■ **SOURCE DATA**:
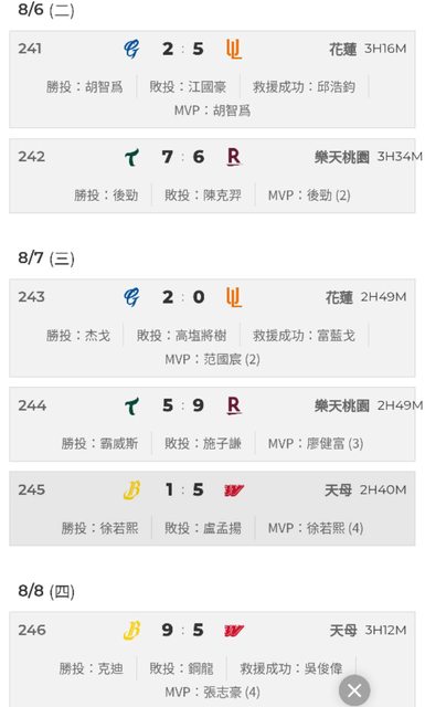 再來看到上週的週二週三週四賽果
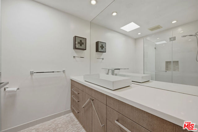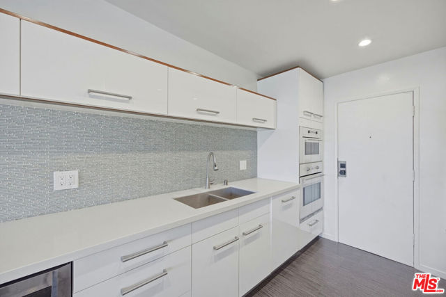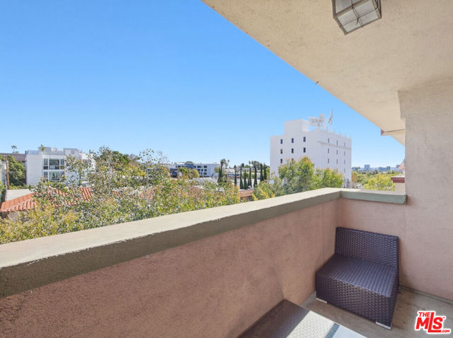 Welcome to modern living at The Bristol, ideally located in the heart of West Hollywood just north of Santa Monica Boulevard and east of La Cienega. This top-floor residence offers approximately 1,379 square feet of thoughtfully designed living space with sweeping east-facing views and abundant natural light throughout. The spacious, bright, and airy living room opens to a private balcony, perfect for morning coffee, evening relaxation, or stargazing. An open-concept layout seamlessly connects the living room, dining area, and kitchen creating an inviting space for both everyday living and entertaining. The updated kitchen features stainless steel appliances, quartz countertops, and ample cabinetry, offering both style and functionality. A dedicated dining area is adjacent to the kitchen, enhanced by large windows that fill the space with natural light. Tile flooring in living room, dining area, kitchen and bathrooms, coupled with hardwood flooring in both bedrooms and hallway adds to this unit's clean, modern aesthetic. The spacious primary suite provides an expansive eastern view, a roomy walk-in closet, and an updated en-suite bath with a glass-enclosed shower. Both bathrooms have been tastefully updated with contemporary finishes, including skylights, and a double vanity + glass-enclosed shower / soaking tub in the second bath. The second bedroom is versatile and ideal as a guest room, home office, or nursery, and also faces east with a view. Dining area and bedroom windows have plantation shutters. An additional highlight offers the convenience of an HOA-approved washer / dryer combo in the unit that is located in a laundry room with additional storage. There are two assigned side-by-side parking spaces in the gated garage along with a private storage cabinet. Residents of The Bristol enjoy access to a pool and expansive outdoor common area with tables and seating, perfect for relaxing or entertaining. Monthly HOA dues of $699. includes water, property maintenance and structural earthquake insurance. Ideally situated near some of West Hollywood's most popular destinations, The Bristol is just moments from Sunset Boulevard, Barry's and Equinox gyms, Gelson's, Trader Joe's, Landmark Theatres, Marix Cafe, La Boheme, CVS, Wells Fargo, Bank of America, and soon-to-open Laurel Supply and Erewhon markets, placing the best of city living right at your doorstep.
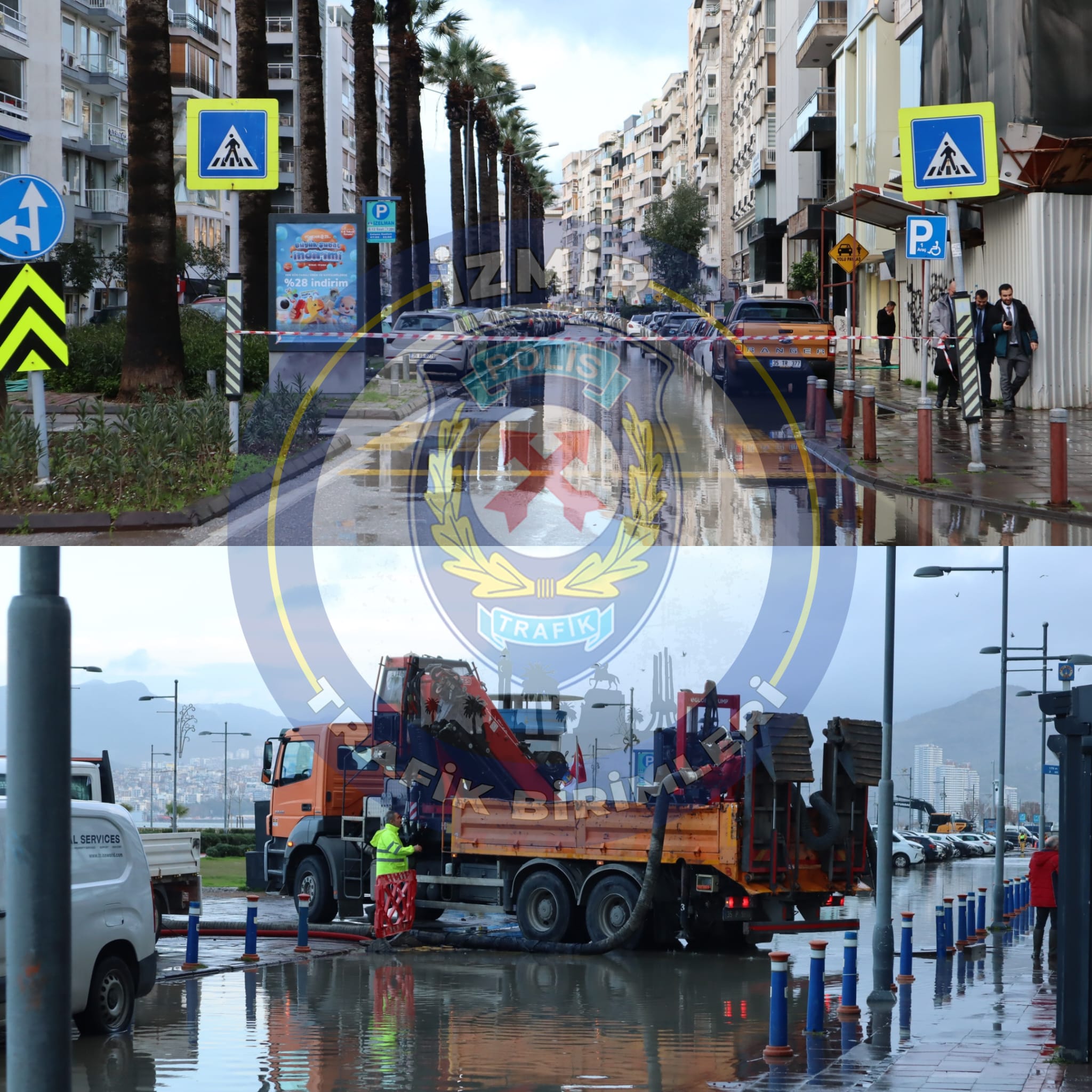 İzmir Emniyet Müdürlüğü açıklamasında şu ifadelere yer verildi: “İlimizdeki yoğun yağışlar sebebiyle Atatürk Caddesi 1. Kordon 1479 sokak kesişimi ile Gündoğdu Meydanı arası ve Gündoğdu Meydanı ile Cumhuriyet Bulvarı kesişimi geçici süreliğine trafiğe kapatılmıştır. Bu güzergahı kullanacak olan sayın yol kullanıcılarımızın bilgisine sunarız.”
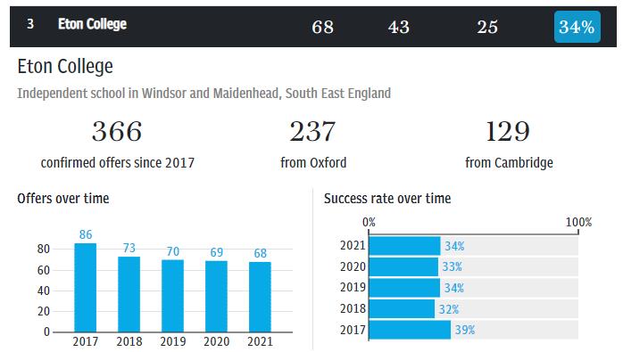 2021年,该学校总共收到了68份来自牛剑的offer,其中,牛津43份,剑桥25份,录取率34%。

■ **ACTIVITY**: Lines from the one that holds "İzmir Emniyet Müdürlüğü" through the final line of the material are to be duplicated exactly; no pictures belong in the copy.

■ **ANSWER TO THE EXERCISE**:
 İzmir Emniyet Müdürlüğü açıklamasında şu ifadelere yer verildi: “İlimizdeki yoğun yağışlar sebebiyle Atatürk Caddesi 1. Kordon 1479 sokak kesişimi ile Gündoğdu Meydanı arası ve Gündoğdu Meydanı ile Cumhuriyet Bulvarı kesişimi geçici süreliğine trafiğe kapatılmıştır. Bu güzergahı kullanacak olan sayın yol kullanıcılarımızın bilgisine sunarız.”
 2021年,该学校总共收到了68份来自牛剑的offer,其中,牛津43份,剑桥25份,录取率34%。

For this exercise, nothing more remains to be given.